Severn teen found guilty of murder for 2004 shooting

Switzer fired into car at random, killing driver

July 26, 2005|By Andrea F. Siegel | Andrea F. Siegel,SUN STAFF

A Severn teenager was convicted yesterday of first-degree murder and other charges in what a judge called the "random, sniper-style" fatal shooting of a passing motorist as well as firing into another car, which sent pellets whizzing past two women.

Anne Arundel County prosecutors will seek a sentence of life without parole for Anthony Deyonko Switzer, who was 16 on Aug. 20 when he shot and killed Doray Delonte Jones, 18, of Glen Burnie as Jones drove to his father's nearby home after dark.

In the second incident, one of the women was putting her 9-year-old twins in a car to leave their grandmother's Severn home when a shot was fired into the vehicle.

Switzer, 17, showed no reaction as Anne Arundel County Circuit Judge Michael E. Loney announced the verdict before a packed courtroom.
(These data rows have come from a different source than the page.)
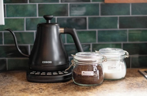The gourmet kitchen is a chef's dream, featuring a gas range oven, air fryer microwave, toaster, dishwasher, refrigerator with filtered water and ice, blender, and all essential cookware and serving pieces. Enjoy morning coffee at the dedicated coffee station, complete with tea kettle and various brewing options.
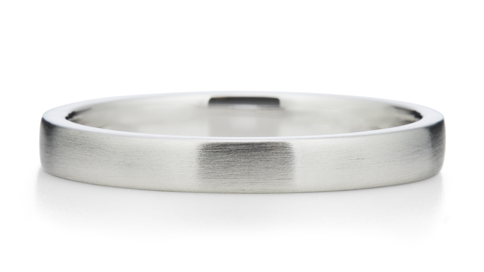 戒指表面上細細的線狀紋路像髮絲一般,故稱為髮絲紋。髮絲紋霧面的視覺效果恰巧在亮面與霧面的中間值,保留了一點亮面的反射與光澤,也帶有一絲霧面的質感,讓戒指展現出柔和的效果。
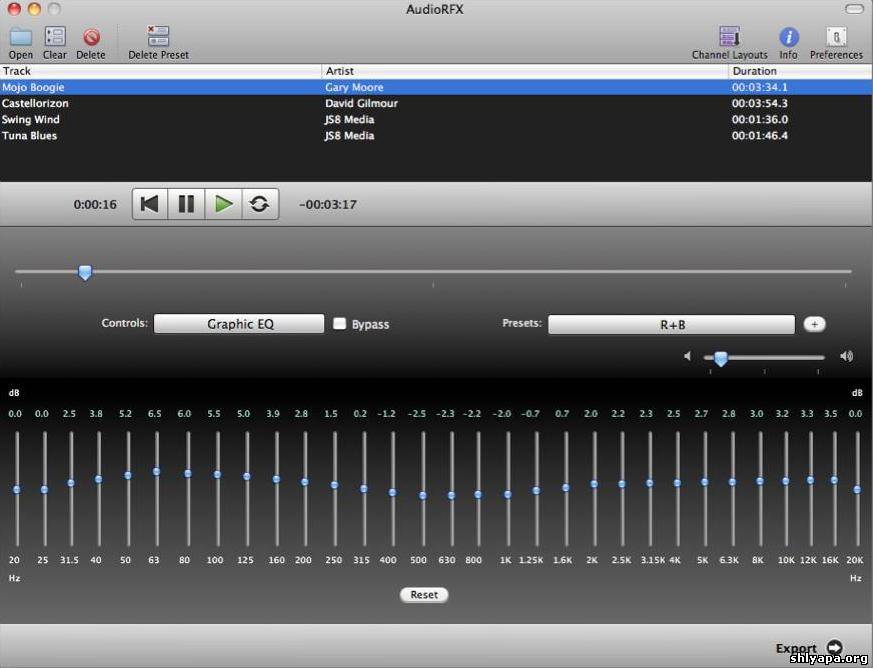AudioRFX - сильное аудио, обрабатывающее применение, предлагающее много аудио фильтров, эффектов и аудио особенностей повышения. Используйте графический уравнитель с 31 группой, чтобы получить точное качество звука, которое Вы хотите для аудио файла, затем экспортируете его в новый файл. Или используйте любые из аудио средств управления за эффектом, чтобы применить эффекты, такие как искажение, задержка, реверберация, и т.д. AudioRFX использует сильную Основную технологию Мультипликации, чтобы позволить всем средствам управления для многих эффектов и фильтров эффективно рассматриваться. AudioRFX доступен теперь в App Store Mac для Операционной системы Mac OS X 10.6 и 10.7.

Switzer had chosen to be tried without a jury. Several of the youth's relatives wept as they left the courtroom.

"He acted with specific intent to kill, not to scare or to target-shoot," Loney said.

The judge recounted testimony of two of Switzer's friends, who said the teenager told them he "wanted to catch a body" using a shotgun taken during a burglary he admitted to police he was involved in the previous day.

The verdict showed that Loney put no credence in Switzer's claim that, despite aiming a loaded weapon, he did not intend to kill anyone and that the gun accidentally fired. Friends of Switzer had been granted immunity from prosecution in this case in exchange for their testimony.

Assistant State's Attorney Kelly M. Poma said it did not make sense that both times Switzer, known as "Little Ant," pointed a loaded weapon, it went off accidentally.

"After this happens the second time, it's hard to believe," she said, explaining that Switzer fired at the women because he did not know whether he'd hit Jones - the slain motorist - and did not want to go home without shooting somebody.

David Schertler, Switzer's lawyer, had depicted his client as having been encouraged by slightly older friends who lied about their participation and conspired to lay the blame on Switzer. He said Switzer's family took the verdict "very hard" and that he will look into "what options Mr. Switzer has."

Loney convicted Switzer, who was about to begin 11th grade at Old Mill High School when he was arrested, of first-degree murder in Jones' death on Carriage Drive in Severn. Switzer was also convicted of two counts of attempted first-degree murder for firing an hour later at Kendra Tate and Rubye Roach as Tate was putting her twins in the car on Heather Mist Drive.

The judge found Switzer not guilty of the attempted murder of the 9-year-old girls because, Loney said, there was no evidence that Switzer knew the youngsters were there.

Wearing a T-shirt displaying his slain son's photo, Gerald Jones said he was pleased about Switzer's conviction but said it offered little consolation for a devastating loss. He and Tate expressed disappointment that no charges were lodged against Switzer's friends who prosecutors said had various roles in the burglary, as well as getting ammunition, loading the gun and choosing targets.

Jones said Switzer "deserves" a no-parole life term when sentenced Sept. 15. He said Switzer's father offered condolences and briefly mentioned having difficulties with Switzer.

Poma said that prosecutors did not charge the other youths, ages - Terry Cooks Jr. and Marshall Hall, then 18, and Anthony Wright, then 17 - because it would have compromised the case against the shooter.

Cooks is scheduled to be tried in January in the unrelated fatal shooting of a jogger in April 2004. Police have said Switzer, while being questioned last year, told them Cooks fatally shot jogger David Brown, and implicated Hall in a suspected homicide that is under investigation.

According to four days of testimony by prosecution witnesses, Hall concocted the plan to burglarize the home Aug. 19 because he knew it contained guns, and the group decided to buy ammunition the next day from Bass Pro Shops at Arundel Mills.

Switzer fired at the first car, unaware he killed Jones, who was struck in the head and the back. At Hall's urging, prosecutors said, he went to the home of Hall's ex-girlfriend to shoot, but nobody answered, and then to the home of a neighbor, who didn't answer but called police. An officer was speaking to that woman when a shot was fired into Tate's car. Switzer was arrested days later.